Schema-compatible Rust drop-in for the core tools of mcp-memory-service
mcp-memory-service-rs
Schema-compatible Rust drop-in for the 7 core tools of doobidoo/mcp-memory-service.
Status: M0 scaffold landed. Boots over stdio MCP, opens the SQLite DB, applies the shared schema, and answers ping. Real memory tools (store_memory, retrieve_memory, search_by_tag, delete_memory, list_memories, check_database_health, get_cache_stats) arrive in M1–M3.
Goal
Replace the Python server with a Rust binary that:
- Shares the same SQLite file (swap the binary, keep the data).

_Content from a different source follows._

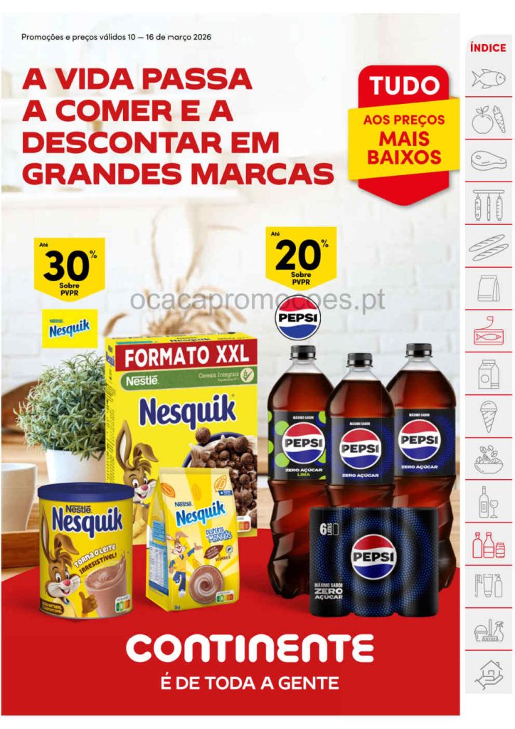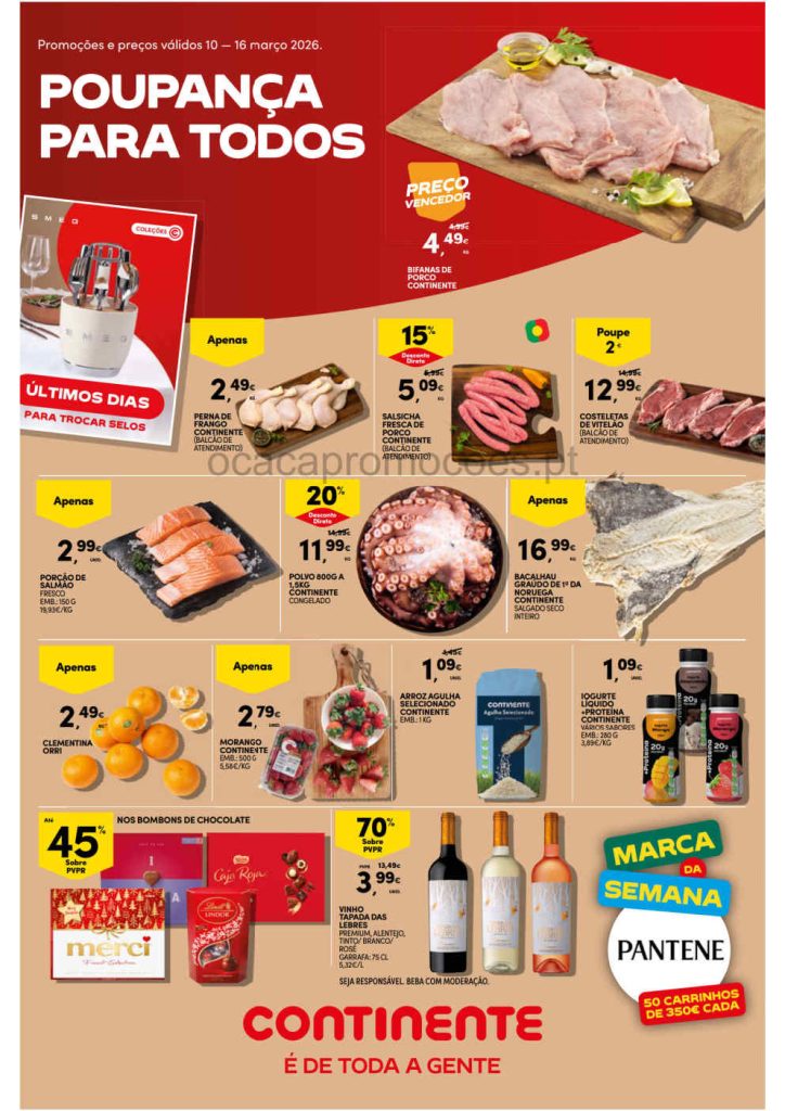 Poupança com as antevisões promoções alimentar e bazar no Continente. Folheto 10 a 16 de março,

- Starts in ~50 ms instead of ~500 ms.
- Runs in ~50 MB RAM instead of ~300 MB.
- Ships as a single file — no venv, no pip.
What's in / what's out
In: the 7 MCP tools listed above, ONNX embeddings (all-MiniLM-L6-v2), external-API embedding fallback, soft-delete, tag GLOB search, pagination.

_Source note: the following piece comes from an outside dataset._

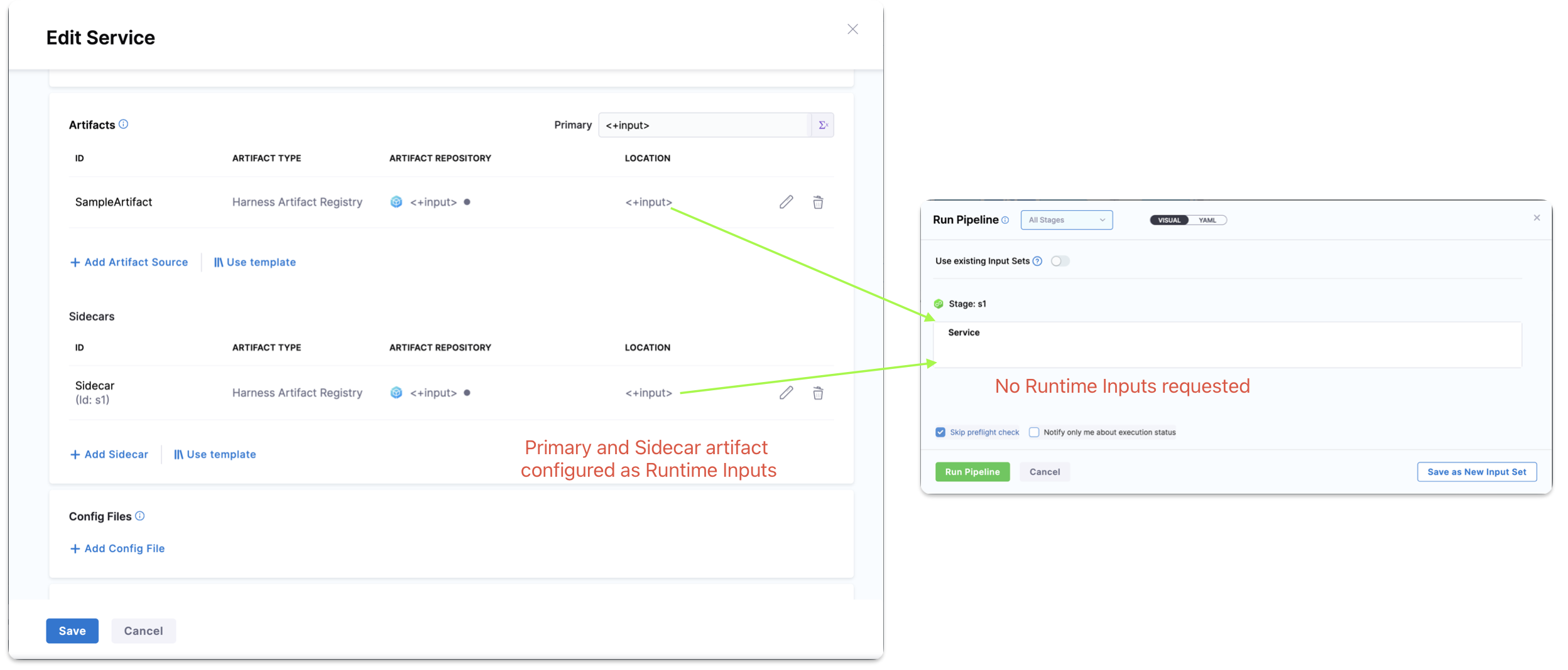 - Example: If a service with artifact-X(image-tag-v1) is used in pipeline-1 and pipeline-2:

Out (Python-only, by design): consolidation, harvest, quality scoring, graph storage, Cloudflare backend, hybrid sync, web dashboard, mDNS discovery, backup scheduler, HTTP/SSE transport.
Full design rationale + wire-level behavior contract: SPEC.md.
Try it
# Build (first run pulls ~235 crates)
cargo build --release
# Smoke-test DB open + schema + sqlite-vec load
./target/release/mcp-memory-service-rs verify --db /tmp/mms.db
# Run the MCP server over stdio (plug into your MCP client config)
./target/release/mcp-memory-service-rs serve
Benchmarks
Sequential stdio MCP workload, 100 stores + 100 retrieves each, fresh DB per run, ONNX model + weights already warm on disk. Measured on an Apple Silicon Mac, single client, no concurrency.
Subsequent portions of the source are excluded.